> [Supplied data]
'''

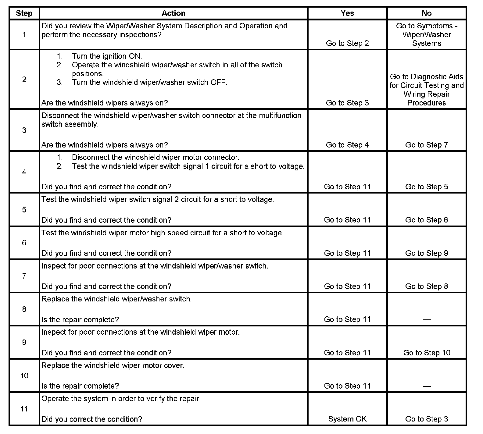Tests for an internal fault in the windshield wiper/washer switch.
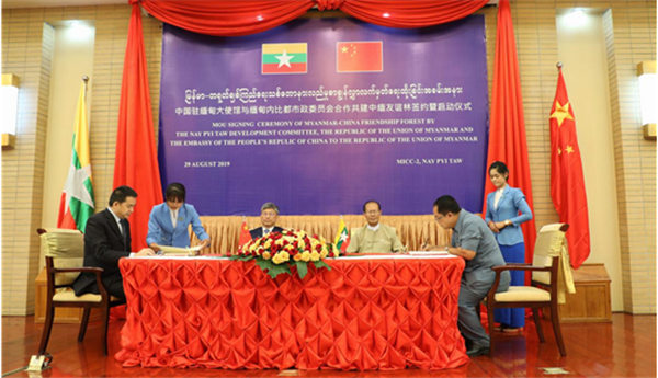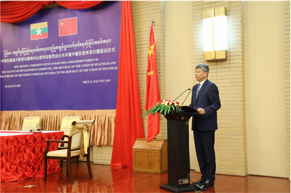8月29日,中缅友谊林签约暨启动仪式在缅甸内比都举行。驻缅甸大使陈海、内比都市政委员会主席苗昂、自然资源与环境保护部部长翁温、国际合作部部长觉丁、内比都市政委员会委员、中国使馆及缅有关部门代表出席。
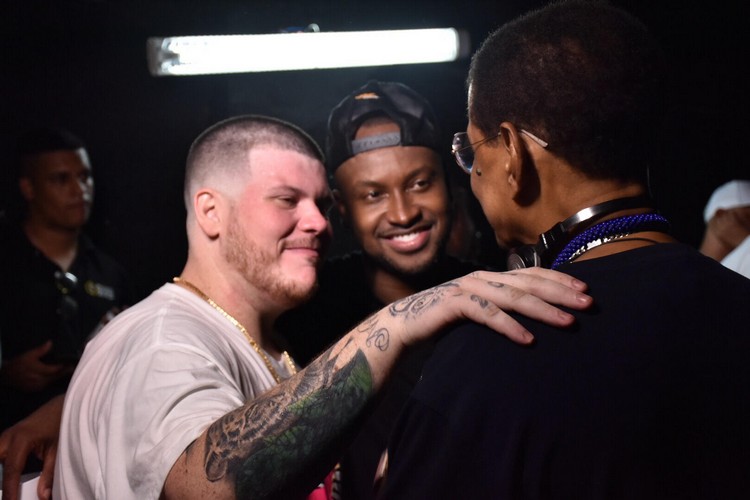 Após suas respectivas apresentações no palco principal do evento, os cantores foram conferir o show da banda Fundo de Quintal. No backstage, enquanto tinham uma conversa intimista, os cantores Thiaguinho e Ferrugem se emocionaram, ficando com os olhos em lágrimas.
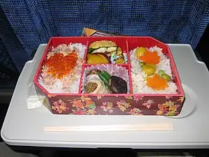 Ekiben (駅弁?) (mâncare împachetată de mâncat în tren) este un tip specific de mâncare împachetată bento, vândută în trenuri sau în gară în Japonia. În zilele noastre multe tipuri de ekiben pot fi cumpărate de la standuri din gări, la peron sau chiar în tren. Sunt vândute împreună cu bețișoare din lemn de unică folosință și (la nevoie) cu linguri. Vasele de ekiben pot fi făcute din plastic, lemn sau ceramică. Multe gări de tren au ajuns să devină faimoase pentru ekiben-ul delicios pe care îl servesc, făcut din specialități locale. Însă, „epoca de aur” al ekiben-ului s-a terminat acum trei decenii. La acel moment zborurile erau scumpe și viteza trenurilor era mai mică. Mulți turiști aveau nevoie să mănânce ekiben pe durata drumului cu trenul.[1]

'''

> [Exercise brief] Any picture in the data is to be skipped, while each line is returned exactly as written.

> [Solution for this exercise]
Tests for an internal fault in the windshield wiper/washer switch.
8月29日,中缅友谊林签约暨启动仪式在缅甸内比都举行。驻缅甸大使陈海、内比都市政委员会主席苗昂、自然资源与环境保护部部长翁温、国际合作部部长觉丁、内比都市政委员会委员、中国使馆及缅有关部门代表出席。
 Após suas respectivas apresentações no palco principal do evento, os cantores foram conferir o show da banda Fundo de Quintal. No backstage, enquanto tinham uma conversa intimista, os cantores Thiaguinho e Ferrugem se emocionaram, ficando com os olhos em lágrimas.
 Ekiben (駅弁?) (mâncare împachetată de mâncat în tren) este un tip specific de mâncare împachetată bento, vândută în trenuri sau în gară în Japonia. În zilele noastre multe tipuri de ekiben pot fi cumpărate de la standuri din gări, la peron sau chiar în tren. Sunt vândute împreună cu bețișoare din lemn de unică folosință și (la nevoie) cu linguri. Vasele de ekiben pot fi făcute din plastic, lemn sau ceramică. Multe gări de tren au ajuns să devină faimoase pentru ekiben-ul delicios pe care îl servesc, făcut din specialități locale. Însă, „epoca de aur” al ekiben-ului s-a terminat acum trei decenii. La acel moment zborurile erau scumpe și viteza trenurilor era mai mică. Mulți turiști aveau nevoie să mănânce ekiben pe durata drumului cu trenul.[1]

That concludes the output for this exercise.